__Information__:
::::::::::

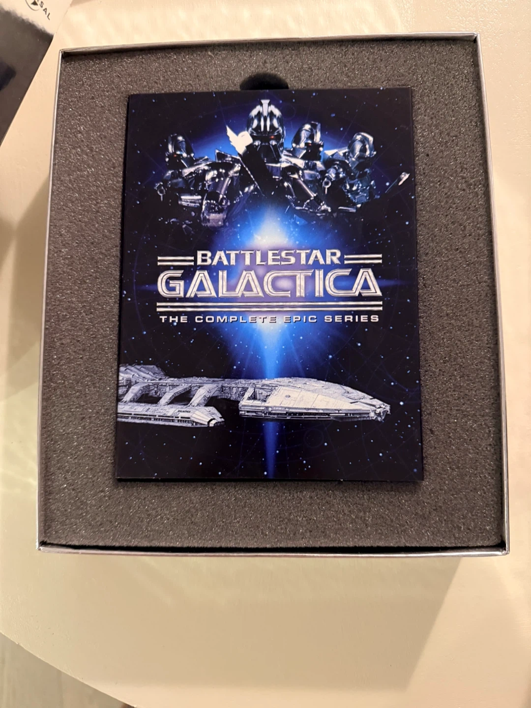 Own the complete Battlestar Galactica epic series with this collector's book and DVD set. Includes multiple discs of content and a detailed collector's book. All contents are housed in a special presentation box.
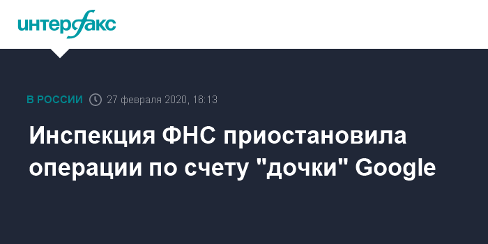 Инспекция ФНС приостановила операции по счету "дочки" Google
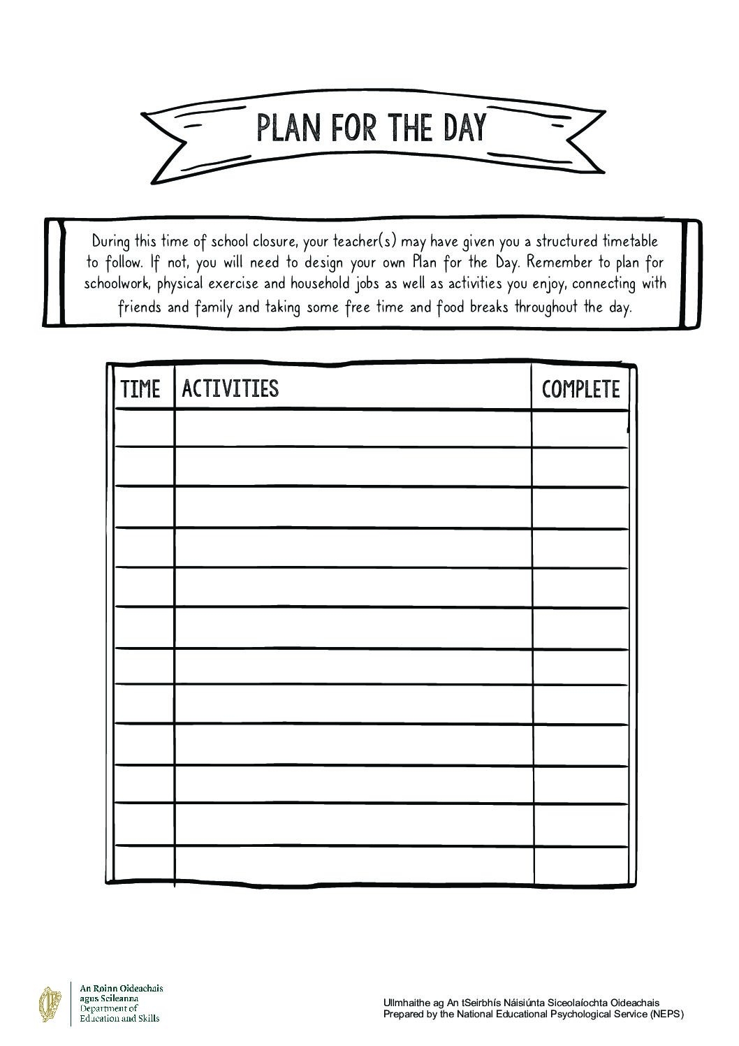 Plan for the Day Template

::::::::::

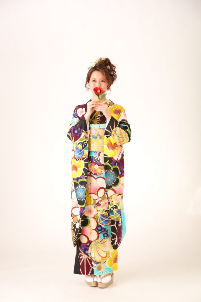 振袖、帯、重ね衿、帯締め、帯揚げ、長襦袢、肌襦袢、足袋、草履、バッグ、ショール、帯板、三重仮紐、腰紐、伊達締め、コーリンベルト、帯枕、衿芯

::::::::::

__Assigned task__: Although the records above contain pictures, the copy must not; set down exactly the lines from the one with "Инспекция ФНС приостановила" up to and including the one with "Plan for the Day Template".

__Written reply__:
 Инспекция ФНС приостановила операции по счету "дочки" Google
 Plan for the Day Template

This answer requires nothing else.